Over the past 400 years, Indigenous people have employed different strategies to address the arrival of settlers, ranging from conflict to negotiation to friendship. They have shown incredible resilience in the face of displacement and dispossession by settlers. Hosting Indigenous artist interventions in the Arrival Zone of the Canadian Immigration Hall represents the importance of this ongoing conversation and our commitment to providing opportunities for it to be had. Every two years will provide an opportunity for an Indigenous artist to express their thoughts and feelings about arrival/colonization in the Canadian Immigration Hall.

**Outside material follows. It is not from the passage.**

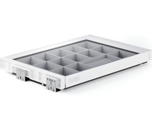 Aksessuaaride sahtel SYMPHONY raamiga, SOFT, L564-614mm(M60) alumiin./valge (PU1)
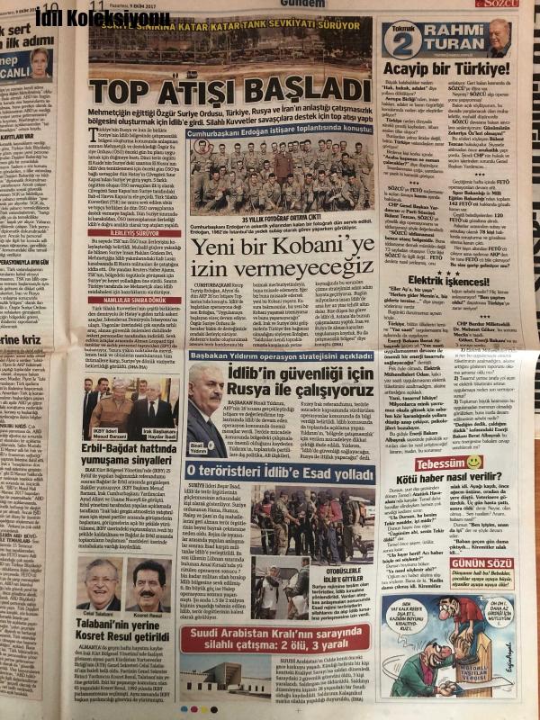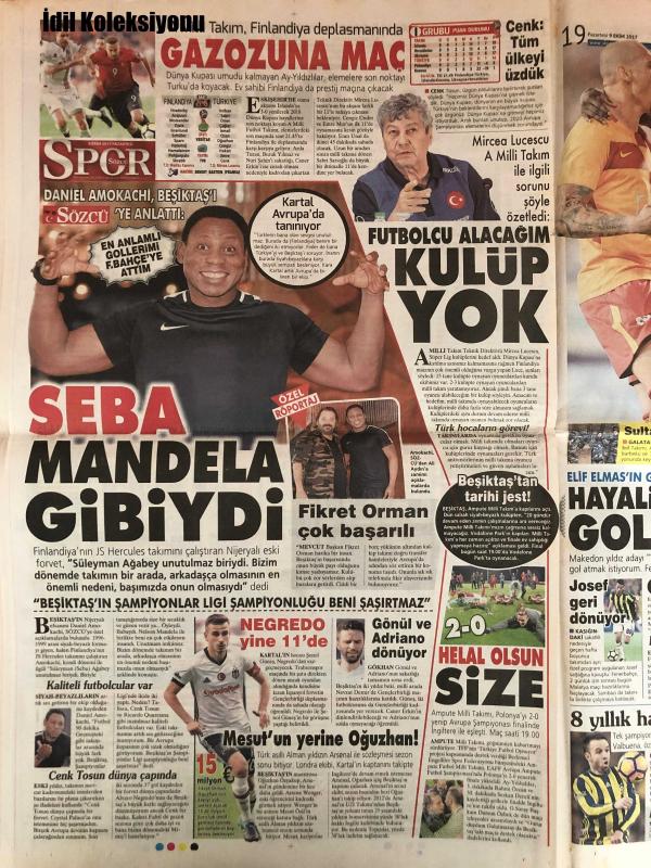 Sözcü Gazetesi, 9 Ekim 2017, Yılmaz Büyükerşen, Saygı Öztürk, Rahmi Turan, Celâl Ülgen, Mehmetçik, Recep Tayyip Erdoğan, Binali Yıldırım, Devlet Bahçeli, Cemil Yaman, Yusuf Toltar, Asuman Aranca, Nurettin Özdebir, Erdoğan Süzer, Vedat Erdem, Kamil Elibol, Ayşe Sucu, Yekta Güngör Özden, Murat Muratoğlu, Zeynep Gürcanlı, Cenk Tosun, Mircea Lucescu, İgor Tudor, Martin Linnes, Mevlüt Erdinç, Bafetimbi Gomis, Elif Elmas, Josef de Souza, Mathieu Valbuena, Alper Potuk, Tuvana Türkay, Aykut Kocaman, Mehmet Topal, Rahmi Özcan, Serkan Dereli, Mustafa Cengiz, Asuman Aranca, Ataman Güneyligil, Mesut Yıldırım, Puan Durumu, Finlandiya-Türkiye, Ukrayna-Hırvatistan, Cenk: Tüm Ülkeyi Üzdük, Mircea Lucescu'nun A Milli Takım İle İlgili Yorumu, Beşiktaş'tan Tarihi Jest, Ampute Milli Takımı'nın Başarısı, Gomis Rekor Kırar adlı eser Türkçe dilindedir.

This program will launch with an original piece from Métis installation artist and member of the Métis Nation of Ontario, Tracey-Mae Chambers’ #HopeAndHealingCanada project. Tracey-Mae writes, “Since July 2021, I have created over 100 installations at residential school historical sites, museums, art galleries and other public spaces. Many of these spaces present a colonial viewpoint and primarily speak about the settlers who arrived and lived here, but not the Indigenous people that were displaced along the way. The installations are constructed with red wool, silk, cotton yarn.

Red is the colour of blood. Red is the slur against Indigenous people. Red is the colour of passion and anger, danger and power, courage and love.

I hope to bridge the gap between settlers and First Nations, Métis, and Inuit by creating art that is approachable and non-confrontational and by starting a conversation about decolonization and reconciliation.”

Tracey-Mae’s intervention will be on display in the Canadian Immigration Hall exhibition.